Nothing but the lines below from the one that contains "2年生は国語の授業でした。風" through the one that contains "Присоединение аминокислоты к" should be retyped, exactly and including both ends. Do not include pictures.

## Source data
:::::

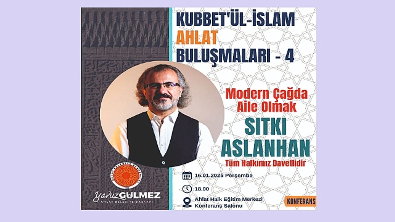 Ünlü yazar Sıtkı Aslanhan Ahlat’ta söyleşide bulunacak. Ahlat Belediyesi tarafından geleneksel olarak düzenlenen ‘Kubbet’ül İslam Ahlat Buluşmaları’ etkinliklerinin kapsamında Ahlat Belediye Başkanı Yavuz Gülmez'in davetiyle ilçeye gelecek olan Ünlü yazar Sıtkı Aslanhan ‘Modern Çağda Aile Olmak’konulu söyleşide bulunacak.
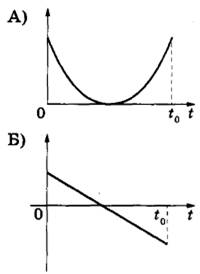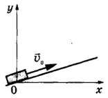 8 | После удара в момент t = 0 шайба начала скользить вверх по гладкой наклонной плоскости со скоростью v0, как показано на рисунке. В момент t0 шайба вернулась в исходное положение. Графики А и Б отображают изменение с течением времени физических величин, характеризующих движение шайбы.
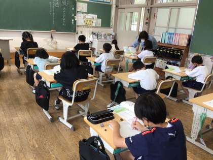 2年生は国語の授業でした。風の郵便屋さんの音読を始めるところでした。ノートに書かれた字を見て、1年間できれいに書けるようになったと感心しました。お子さんのノートを、ぜひ見てください。
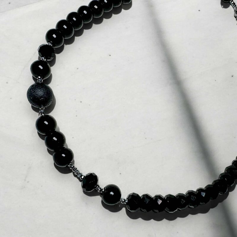 Diese Halskette verbindet schwarze Glaskristalle in geometrischen Formen mit glänzenden, schwarzen Glasperlen. Das elegante und zugleich minimalistische Design passt perfekt zu jedem Stil, ob für Männer oder Frauen. Die tiefschwarzen Kristalle verleihen dem Schmuckstück eine geheimnisvolle Eleganz, während der dezente Glanz der Perlen für einen Hauch von Luxus sorgt. Ein vielseitiges Accessoire, das jedem Outfit das gewisse Etwas verleiht.
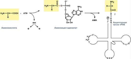 Присоединение аминокислоты к тРНК осуществляется ферментом аминоацил-тРНК-синтетазой, имеющей специфичность одновременно к двум соединениям: какой-либо аминокислоте и соответствующей ей тРНК. Для реакции требуется две макроэргические связи АТФ. Аминокислота присоединяется к 3'-концу акцепторной петли тРНК через свою α-карбоксильную группу, и связь между аминокислотой и тРНК становитсямакроэргической. α-Аминогруппа остается свободной.
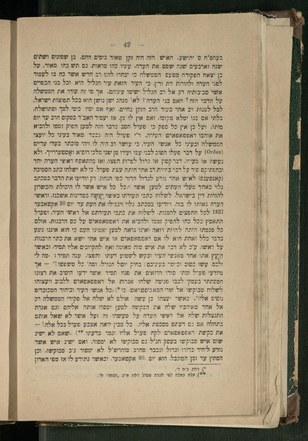 בעהמ"ח ס' יהושע. האיש הזה חיה זקן מאוד בימים ההם, כן שמונים ושתים שנה וארבעים שנה שפט את העדה. עיניו כהו מראות, גם תש כחו מאוד. על כן יצאה הפקודה מטעם. הממשלה כי יבחרו להמ רב חרש אשר כח בו לעמור לפני העדה ולהורות דת ודין, כי העיר הזאת עיר הגליל היא וכל בני הכפרים אשר סביבותיה רק אל רב הגליל ישימו עיניהם. אך מי זה עורר את הממשלה על הדבר הזה האם בני העדה? לא! מנהג ישן נושן הוא בכל תפוצות ישראל, לבל למגות רב אחר בעור הרב הזקן נחיים, ואף אם ימיו. כימי למך ומתושלח, בלתי אם בנו ימלא מקומו, ואם אין לו בן, אז יעמוד האב"ר במקום הרב עד יום מותו. ועל כן אץ כל ספק כי פעול הסב בדבר הזה למען הפיק זממו ולהביא את אוהבו ראפפאפארם העירה. ר"י פערל היה נככד. מאוד בעיני כל יועצי וסמשלה ובעיני כל אנשי העיר, כי עושר רב היה לו ויהי מוכתר בעדי עדיים (0+48) על דבר פעלו הטוב לכני עמו ועירו מן שני מלכי רוסיא ואָסטעררייך, ולא נעשה אז בעידו, דבר קטון או גדול למרות חפצו, ואז בהתאסף ראשי העדה יחד ובהמתיקם פוד על דבר בתירת רב אחר היתה עצת פערל. כי לא ישלחו כתב הסמיכח (קאנסענס) לאיש אחר נורע לגדול הדור כפי הנהוג. רק יודיעו את הרבר במכתב גלוי באחד מעלי העתים למען אשר יוכל כל איש אשר לו היכולת והכשרון להורות דין בישראל, לשלוח כתכי תעורתו כאשר יעַשָה במדינות אשכנן, וראשי העדה נאותו לו בזה, ויודיעו במכתב גלוי ויגבילו את העת עד יום 90 אקטאבער 7 לכל החפצים להמנות, לשלוח את כתבי תעודתם אל ראשי העיר. ופערל התאמץ בכל כחו להפיק זממו ולהניא את ראפפאפארט על כס הרבנות, אולם כל מגמתו היתה להיות רואה ואינו נראה למען יאמינו חעם כי הוא איננו נונע בדבר כלל ואחת היא לו אם ראפפאפארט או איש אחר ישא את כתר הרבנות על ראשו, ע'כ לא דבר את איש מזה מאומה ואף להקרובים אליו תמיר; וכאשר וְעַץ אתו אחד מאנשי העיר ובקש לשמוע דעתו וחפצו, ענה תמיד: ימה לי ולכם. עשו כטוב וכישר בעיניכם: בחיק יוטל הגורל, ומה' כל משפטו!"-- אך מיודעי פערל ומתי סורו הרואים את פניו תמיד אשר ידעו היטיב את רצונו המסתתר בעמקי לכבו פנימה שלחו אגרות אל ראפפאפארם ללבוב ויעצוהו לשלוח מבוקשו אל שרי המא גיסטראט. כי*) ,כל אנשי העיר וביחוד המכובדים נוטים אליו". כאשי יעצהו כן עשה אולם לא שלח אל פקירי הממשלה רק אל אחד מאוהביו שלח את הכקשה למען ימסרו אותה אליהם וגם אגרת התנצלות שלח אל ראשי העדה על מעשהו זה ועל אשר לא שאל אותם בתחלה אם גם דעתם מסכמת אליו.. כל מבין יראה אצבע פערל בכל אלה!-את בקשת ראפפאםארט לקח פעול אליו וגמר בדעתו'*).שאם לא ישיג שום איש מבוקשו בעסק הנ"ל נם מבוקשו לא ימסור, ואם ישיג איש אשר נודע ליחיד כדורו וגדול ונכבד. מהרב מוהרש"ל לא מסור ג'כ מבוקשה וכן המתין עד זמן המוגבל, הוא יום-%0 אקטאבעו, וכאשר נתידע לו אז מפי האדון
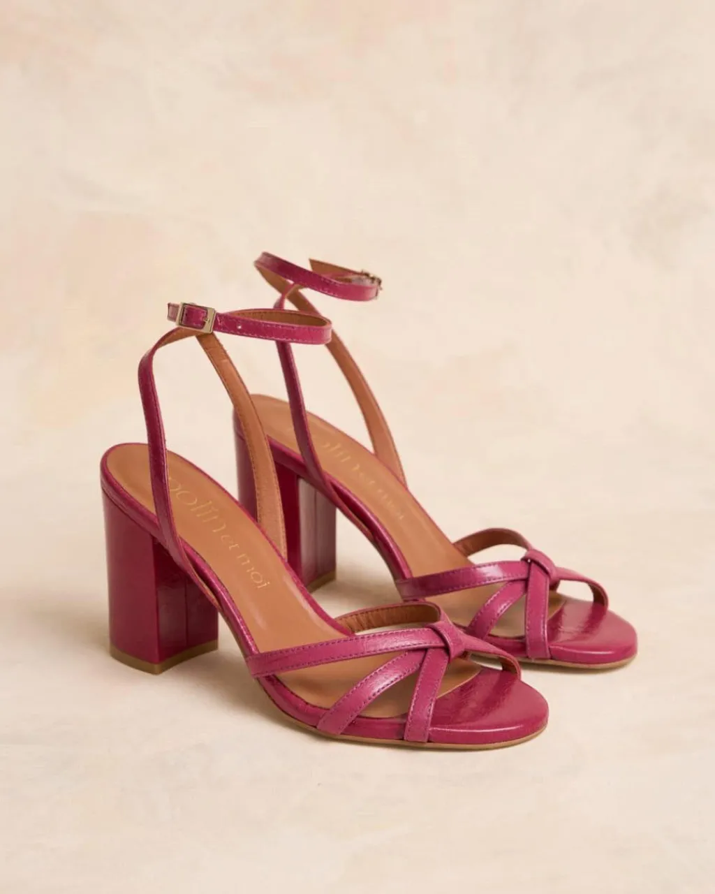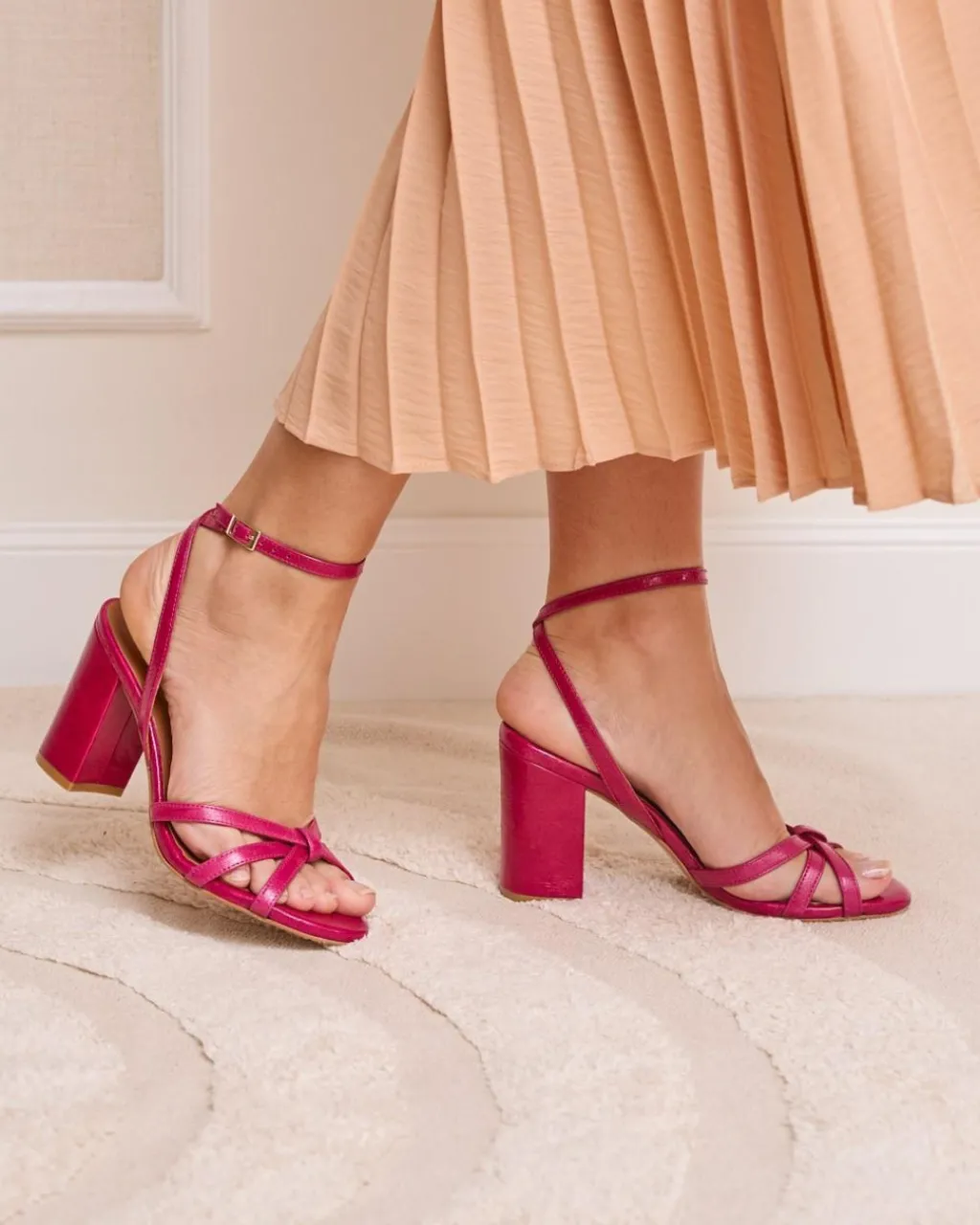 Sandale à talons de couleur bougainvillière avec plusieurs rubans qui se croisent en formant un nœud au centre. Pointe arrondie. Fermeture de la cheville par sangle réglable avec boucle carrée. Talon large pour plus de confort. Une chaussure très féminine et élégante pour le evénements de cette saison.
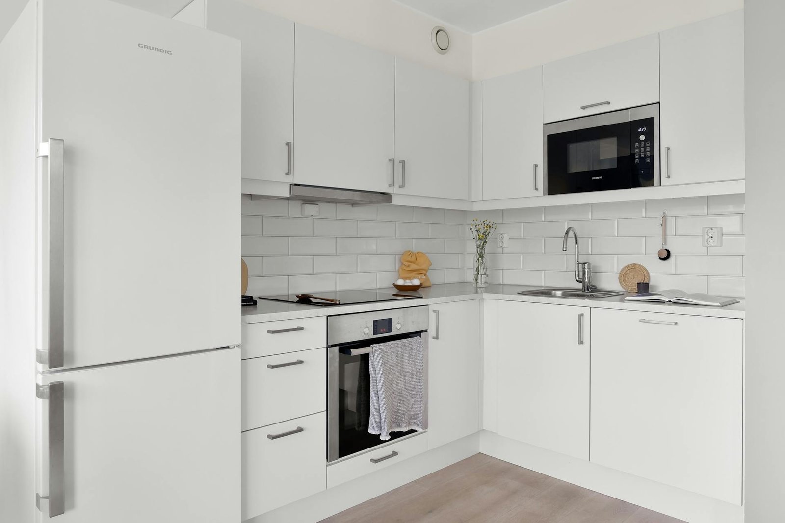 مطبخ ألمنيوم أبيض لامع مع أسطح من الرخام الصناعي
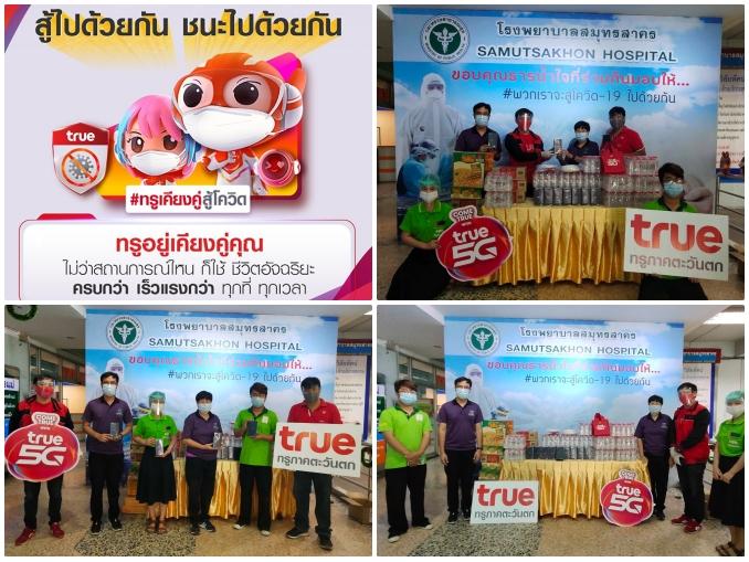 กลุ่มทรู เดินหน้าเคียงคู่คนไทยให้ชนะ โควิด-19 ไปด้วยกัน ล่าสุด กลุ่มทรู โดย นายภารดร หมุยจินดา Senior Area Owner จ.สมุทรสาคร ได้ส่งมอบสมาร์ทโฟน พร้อมเน็ตฟรี 20GB โทรฟรีทุกเครือข่าย จำนวน 10 เครื่อง แก่โรงพยาบาลสมุทรสาคร โดยนางณหทัย จุลกะรัตน์ ผู้ช่วยผู้อำนวยการด้านการจัดระบบบริการปฐมภูมิ สำหรับใช้ในกิจการของอาสาสมัครสาธารณสุขต่างด้าว (อสต.) เพื่อใช้ลงพื้นที่สนับสนุนการตรวจหาเชื้อเชิงรุกและประสานงานด้านสาธารณสุขกับเจ้าหน้าที่ส่วนกลาง อีกหนึ่งธารน้ำใจในการสู้ภัยโควิด-19 ที่กำลังแพร่ระบาดหนักในมหาชัย อีกทั้งยังได้มอบน้ำดื่ม อาหารแห้ง และหน้ากากอนามัย เพื่อช่วยเหลือพี่น้องแรงงานชาวเมียนมาร์ในพื้นที่ด้วย

:::::

## Exercise answer
 2年生は国語の授業でした。風の郵便屋さんの音読を始めるところでした。ノートに書かれた字を見て、1年間できれいに書けるようになったと感心しました。お子さんのノートを、ぜひ見てください。
 Diese Halskette verbindet schwarze Glaskristalle in geometrischen Formen mit glänzenden, schwarzen Glasperlen. Das elegante und zugleich minimalistische Design passt perfekt zu jedem Stil, ob für Männer oder Frauen. Die tiefschwarzen Kristalle verleihen dem Schmuckstück eine geheimnisvolle Eleganz, während der dezente Glanz der Perlen für einen Hauch von Luxus sorgt. Ein vielseitiges Accessoire, das jedem Outfit das gewisse Etwas verleiht.
 Присоединение аминокислоты к тРНК осуществляется ферментом аминоацил-тРНК-синтетазой, имеющей специфичность одновременно к двум соединениям: какой-либо аминокислоте и соответствующей ей тРНК. Для реакции требуется две макроэргические связи АТФ. Аминокислота присоединяется к 3'-концу акцепторной петли тРНК через свою α-карбоксильную группу, и связь между аминокислотой и тРНК становитсямакроэргической. α-Аминогруппа остается свободной.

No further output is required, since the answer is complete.